Staff ban ‘puts mums and babies at risk’

Women and newborns are at risk of serious medical problems because the recruitment ban is forcing them out of maternity units early and without adequate after-care support.

The claim was made on the final day of the Irish Nurses and Midwives Organisation’s annual conference, after delegates called for an independent review of staff levels in the sector.

Retired assistant director of midwifery at Cork University Maternity Hospital, Mary Higgins, said recently that national management still expected maternity services to provide the same level of care as before the 2007 recruitment ban.

The board member of the International Confederation of Midwives, said hospitals like CUMH were so under-staffed two women in labour often had to share one midwife. As a result, she said, hospitals were increasingly sending new mothers and babies home early to clear space, with the equally stretched after-care community service also struggling to cope.

“My argument would always have been that if I needed X staff in 2007, I still need them in 2012,” she said.

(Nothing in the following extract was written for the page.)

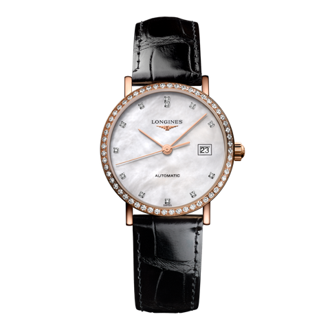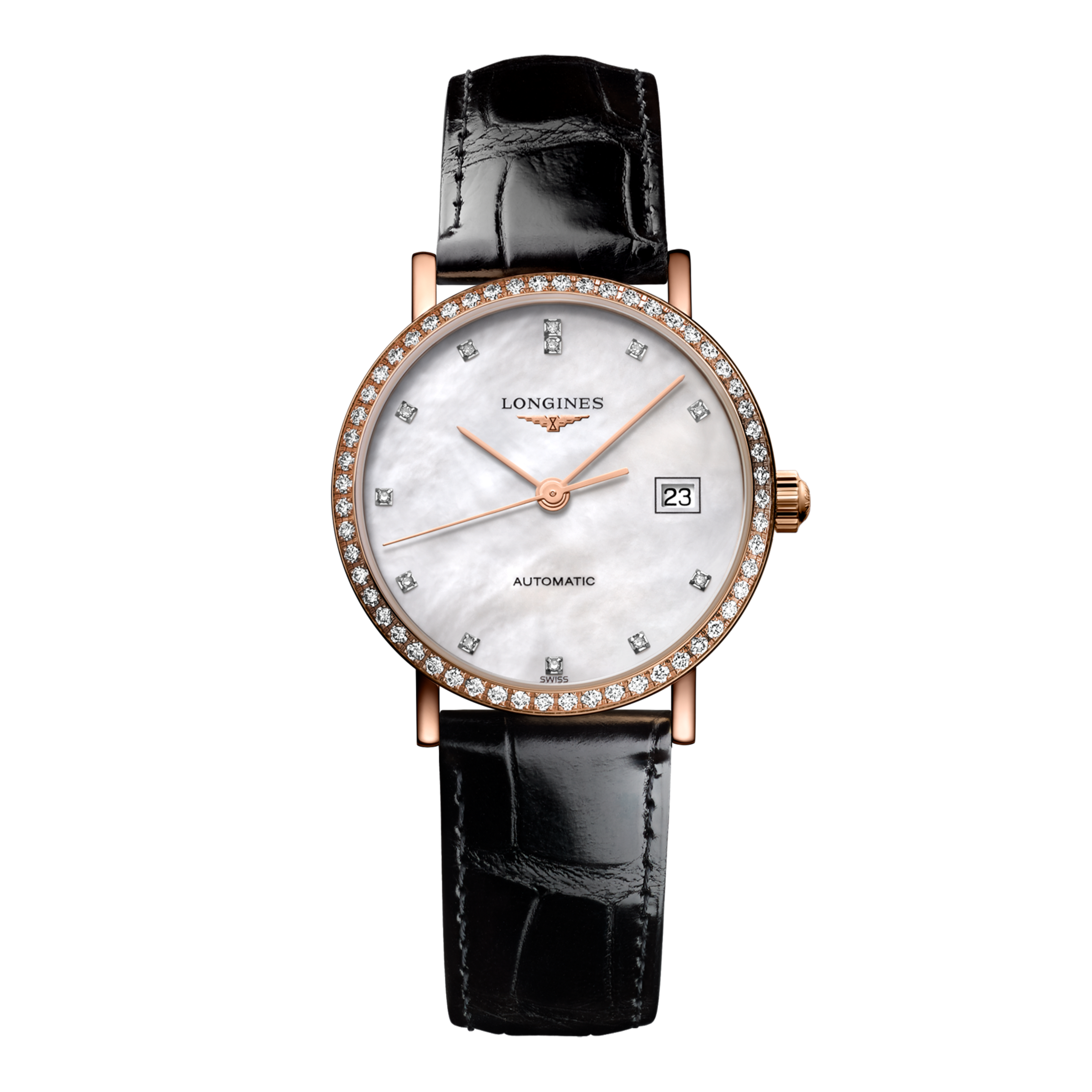 TECHNICAL DATAMODEL: L4.378.9.87.4 COLLECTION: Elegance SUB COLLECTION: Elegant DIAL COLOR: White STRAP COLOR: Black STRAP MATERIAL: Alligator STRAP BUCKLE: With triple safety folding clasp and push-piece opening mechanism MOVEMENT: Automatic CALIBER: 592 CASE SHAPE: Round CASE SIZE: 27.20 mm CASE MATERIAL: 18 karat pink gold WATER PROOF: 3 bar

“CUMH was built for a maximum of 7,500 [births], and we have run on average at 8,500-plus every year since 2008 [when it opened]... Women are being discharged from maternity hospitals early because of this, without supports,” she said.

The conference also heard from Letterkenny General Hospital nurse Geraldine O’Connor, who said medical staff were “taking painkillers to get to sleep at night” due to the stress of frontline work.

Responding to claims hospital managers were massaging emergency department trolley counts by hiding patients when numbers were checked, Health Minister Dr James Reilly said: “If there’s anecdotal reports of hiding patients in various places, I’d be very interested to investigate each and every one of them. This is not about changing the surface of the thing.”

The comments were made after Tallaght Hospital nurse Teresa Hayes said 399 trolley patients were placed in different wards during counts there in February.

Meanwhile, the National Ambulance Service Representatives Association said the situation of a seriously injured Carlow GAA player was due to a flawed management bid to improve services. Yesterday, the Irish Examiner reported that Shane Webb was forced to endure a seven-hour wait for hospital care after breaking his leg.

The delay included a series of calamitous ambulance journeys.